Which one is injective, which one is surjective, and which one is bijective? Justify.

By Horizontal line test, for \(f(x)\) each horizontal line meets the graph in unique one point, thus it is injective and surjective

For \(g(x)\), \(y=4\) meets the graph in two points, thus it is not injective. And \(y=1\) meets the graph in zero points, thus it is not surjective.

Thus \(f(x)\) is bijective and \(g(x)\) is not injective and not surjective.
Compute \(g \circ f\) and \(f \circ g\).

\(g\circ f\left(x\right)=g\left(f\left(x\right)\right)=\begin{cases}g\left(2x+3\right) & \text{if }x<3\\ g\left(x^2\right) & \text{if }x\geq3\end{cases}\Rightarrow\begin{cases}g\left(2x+3\right) & \text{if }2x+3<9\\ g\left(x^2\right) & \text{if }x^2\geq9\end{cases}\Rightarrow\begin{cases}g\left(2x+3\right) & \text{if }2x+3\leq2\\ g\left(2x+3\right) & \text{if }2<2x+3<9\\ x^2+1 & \text{if }x^2\geq9\end{cases}\Rightarrow\begin{cases}1-4x & \text{if }2x+3\leq2\\ 2x+4 & \text{if }2<2x+3<9\\ x^2+1 & \text{if }x^2\geq9\end{cases}\)
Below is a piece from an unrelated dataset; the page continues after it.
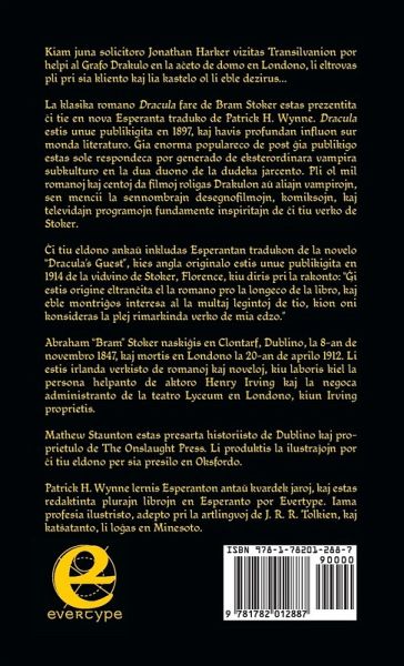 Kiam juna solicitoro Jonathan Harker vizitas Transilvanion por helpi al Grafo Drakulo en la äeto de domo en Londono, li eltrovas pli pri sia kliento kaj lia kastelo ol li eble dezirus... La klasika romano Dracula fare de Bram Stoker estas prezentita ¿i tie en nova Esperanta traduko de Patrick H. Wynne. Dracula estis unue publikigita en 1897, kaj havis profundan influon sur monda literaturo. ¿ia enorma populareco de post ¿ia publikigo estas sole respondeca por generado de eksterordinara vampira subkulturo en la dua duono de la dudeka jarcento. Pli ol mil romanoj kaj centoj da filmoj roligas Drakulon ä aliajn vampirojn, sen mencii la sennombrajn desegnofilmojn, komiksojn, kaj televidajn programojn fundamente inspiritajn de ¿i tiu verko de Stoker. ¿i tiu eldono ankä inkludas Esperantan tradukon de la novelo "Dracula's Guest", kies angla originalo estis unue publikigita en 1914 de la vidvino de Stoker, Florence, kiu diris pri la rakonto: "¿i estis origine eltran¿ita el la romano pro la longeco de la libro, kaj eble montri¿os interesa al la multaj legintoj de tio, kion oni konsideras la plej rimarkinda verko de mia edzo." Abraham "Bram" Stoker naski¿is en Clontarf, Dublino, la 8-an de novembro 1847, kaj mortis en Londono la 20-an de aprilo 1912. Li estis irlanda verkisto de romanoj kaj noveloj, kiu laboris kiel la persona helpanto de aktoro Henry Irving kaj la negoca administranto de la teatro Lyceum en Londono, kiun Irving proprietis. Mathew Staunton estas presarta historiisto de Dublino kaj proprietulo de The Onslaught Press. Li produktis la ilusträojn por ¿i tiu eldono per sia presilo en Oksfordo. Patrick H. Wynne lernis Esperanton antä kvardek jaroj, kaj estas redaktinta plurajn librojn en Esperanto por Evertype. Iama profesia ilustristo, adepto pri la artlingvoj de J. R. R. Tolkien, kaj kat¿atanto, li löas en Minesoto. ===== When estate agent solicitor's clerk Jonathan Harker visits Transylvania to assist Count Dracula with the purchase of his London house, he discovers more about his client and his castle than he might wish.... Bram Stoker's classic novel Dracula, originally titled The Un-Dead, was first published in 1897. It has had a profound influence on world literature. It has enjoyed enormous popularity since its publication and is singularly responsible for spawning an extraordinary vampire subculture in the second half of the twentieth century. Over a thousand novels and hundreds of films feature Dracula or other vampires, not to mention the countless cartoons, comics, and television programmes which were ultimately inspired by Stoker's work. This edition includes the short story "Dracula's Guest", which was published in 1914 by Stoker's widow, Florence, who said of the story: "It was originally excised owing to the length of the book, and may prove of interest to the many readers of what is considered my husband's most remarkable work." Abraham "Bram" Stoker was born in Clontarf in Dublin on 8 November 1847 and died in London on 20 April 1912. He was an Irish novelist and short story writer, who worked as the personal assistant of actor Henry Irving and business manager of the Lyceum Theatre in London, which Irving owned. Mathew Staunton is printing historian from Dublin and proprietor of The Onslaught Press. He produced the illustrations for this edition on his press in Oxford. Patrick H. Wynne learned Esperanto forty years ago, and has edited several books in Esperanto for Evertype. A former professional illustrator, adept at J. R. R. Tolkien's constructed languages, and a cat lover, he lives in Minnesota.

Then we have \(g\circ f\left(x\right)=\begin{cases}1-4x & \text{if }x\leq-\frac12\\ 2x+4 & \text{if }-\frac12<x<3\\ x^2+1 & \text{if }x\geq3\end{cases}\)

\(f\circ g\left(x\right)=f\left(g\left(x\right)\right)=\begin{cases}f\left(7-2x\right) & \text{if }x\leq2\\ f\left(x+1\right) & \text{if }x>2\end{cases}\Rightarrow\begin{cases}f\left(7-2x\right) & \text{if }7-2x\geq3\\ f\left(x+1\right) & \text{if }x+1>3\end{cases}\Rightarrow\begin{cases}\left(7-2x\right)^2 & \text{if }7-2x\geq3\\ \left(x+1\right)^2 & \text{if }x+1>3\end{cases}\)

Then we have \(f\circ g\left(x\right)=\begin{cases}4x^2-28x+49 & \text{if }x\leq2\\ x^2+2x+1 & \text{if }x>2\end{cases}\)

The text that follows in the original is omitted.